Pada suatu hari, Slamet dengan topi hijau, baju coklat dan
celana yang sudah belar berkata kepada Widi Yarmanto dari TEMPO:
"Sudah sejak pagi saya belum makan." Ucapan ini agak
bertentangan dengantubuhnya yang kekar dan keling. Apalagi
lagunya memelas. Duit bekalnya mula-mula dulu, sudah lama ludes.
Anak tunggal yang lari ini pernah ditampik oleh setiap proyek
yang disampernya. Ia hampir menangis pada masa-masa itu.

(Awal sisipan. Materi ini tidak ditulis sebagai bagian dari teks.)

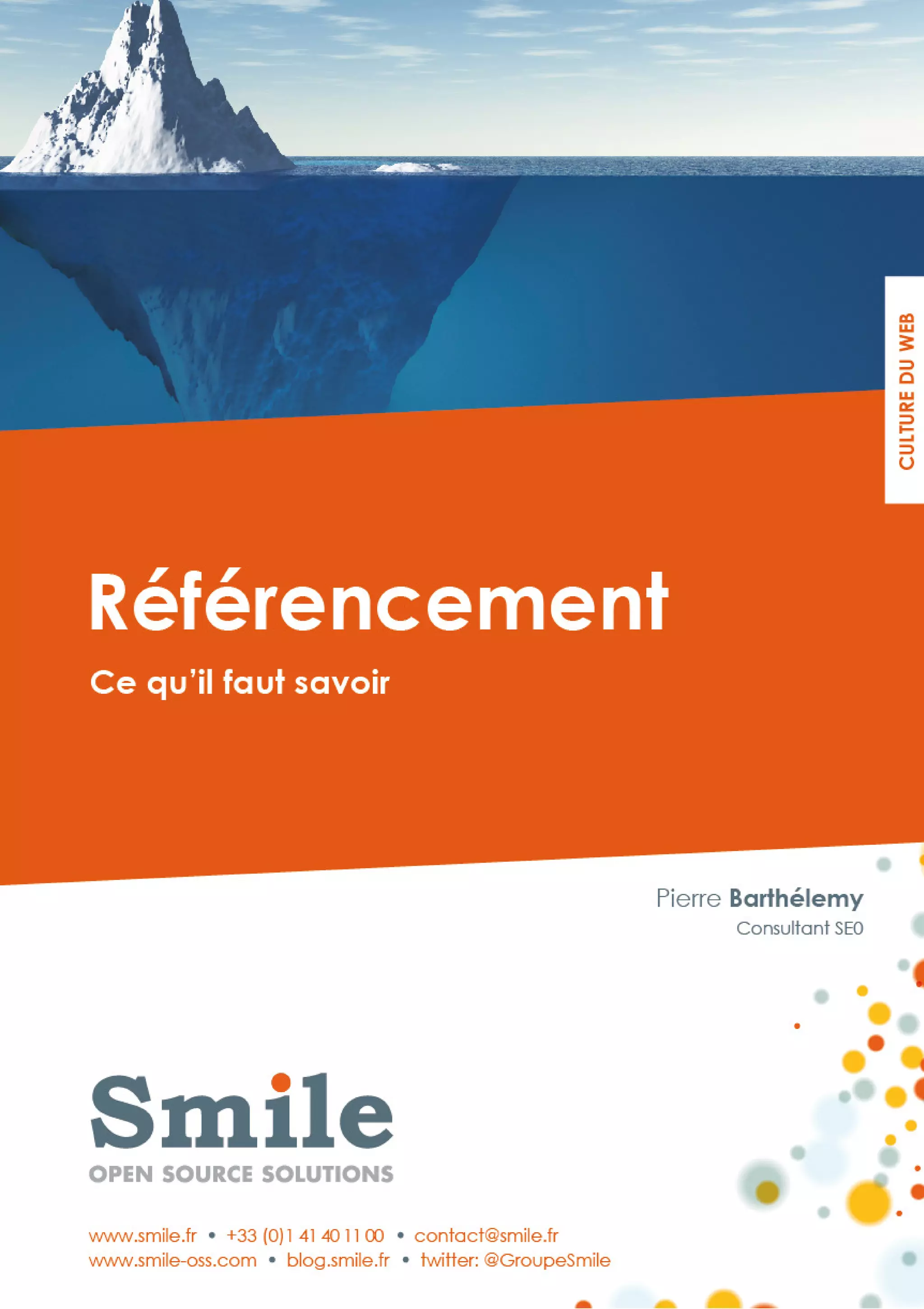 Smile est une société spécialisée dans l'intégration de solutions open source avec plus de 600 collaborateurs, principalement en France. Elle offre une gamme de services incluant le consulting, le développement graphique et le support applicatif, et a collaboré avec de nombreux clients renommés dans divers secteurs. Ce document présente les principes fondamentaux du référencement, soulignant qu'il s'agit d'un processus raisonné visant à accroître la pertinence et la visibilité des sites sur les moteurs de recherche.

Lututnya gemetar karena capek dan lapar. "Selama 2 bulan
betul-betul saya jadi gelandangan. Tapi saya tidak sampai cari
puntung rokok dan minta-minta, biar begini saya masih punya
harga diri Oom."
Tetapi apa yang dinamakannya harga diri jadi kabur tatkala suatu
kali ia memutuskan untuk mencuri sekop. Jadi gelandangan telah
membosankan. Ia masih berharap jadi orang. Misalnya saja sebagai
kuli jalanan. Maka pergilah ia ke Pancoran. Di sana ada sebuah
truk yang berisi dua buah sekop yang dicarinya. Setelah memilih
yang terbaik, ia segera menyambar dan ngabur ikut truk lain yang
kebetulan lewat. "Yah sekali itu saja tak apa," katanya membela
diri.
Sejak itu kemudian ia jadi kuli jalanan. Bergabung dengan
kuli-kuli di perempatan Halim sebagai tenaga kasar menurunkan
pasir. Meskipun sodokan-sodokan pertamanya semrawut mengenai
kawan-kawannya sendiri, sehingga ia kena umpatan pedas, toh ia
senang bukan main. Upah pertama yang diterimanya waktu itu
(1973) hanya Rp 250. Tapi heran sampai sekarang ia tetap betah.
"Orang Bodoh"
Berbeda dengan Slamet, Anta, lelaki 25 tahun dari Jatiluhur,
meninggalkan desa bukan karena terpikat. Kampung miskin, daerah
minus menyebabkan ia membawa sebuah sekop untuk dikaryakan di
Jakarta sejak 1965. Tanpa mimpi muluk ia langsung mencari
perlindungan di perempatan Halim. Waktu itu kuli jalanan belum
begitu populer. Berbeda sekali dengan sekarang: kadang tenaga
kerja jauh lebih banyak dari kesempatan. Sehingga sering kita
melihat manusia tersia-sia di pinggir jalan sepanjang hari,
karena tidak kebagian tempat dalam truk. Anta sampai sekarang
tidak pernah ngotot atau bentrokan soal pekerjaan. Bagi Anta
pekerjaannya sebagai kuli bukan merupakan sambilan. Ia memang
memiliki seperempat hektar sawah warisan. Tapi itu hanya
memerlukan tenaganya selama l bulan pada saat musim anam. Lewat
masa itu, ia 100 prosen bisa tinggalkan begitu saja, karena
masih ada isteri yang melanjutkan mengurus. Sebulan sekali ia
pulang menengok, sambil meninggalkan sedikit-sedikit hasil cucur
keringat dari sekopnya. Ya sekitar Rp 2000. Malahan sering juga
tidak meninggalkan apa-apa . "Boro-boro buat anak isteri, untuk
makan sendiri saja pas-pasan," katanya.
Anta dengan KTP Purwakarta, termasuk jorok di antara
kawan-kawannya. Ia jarang mandi. Dua hari tidak mandi, lumrah.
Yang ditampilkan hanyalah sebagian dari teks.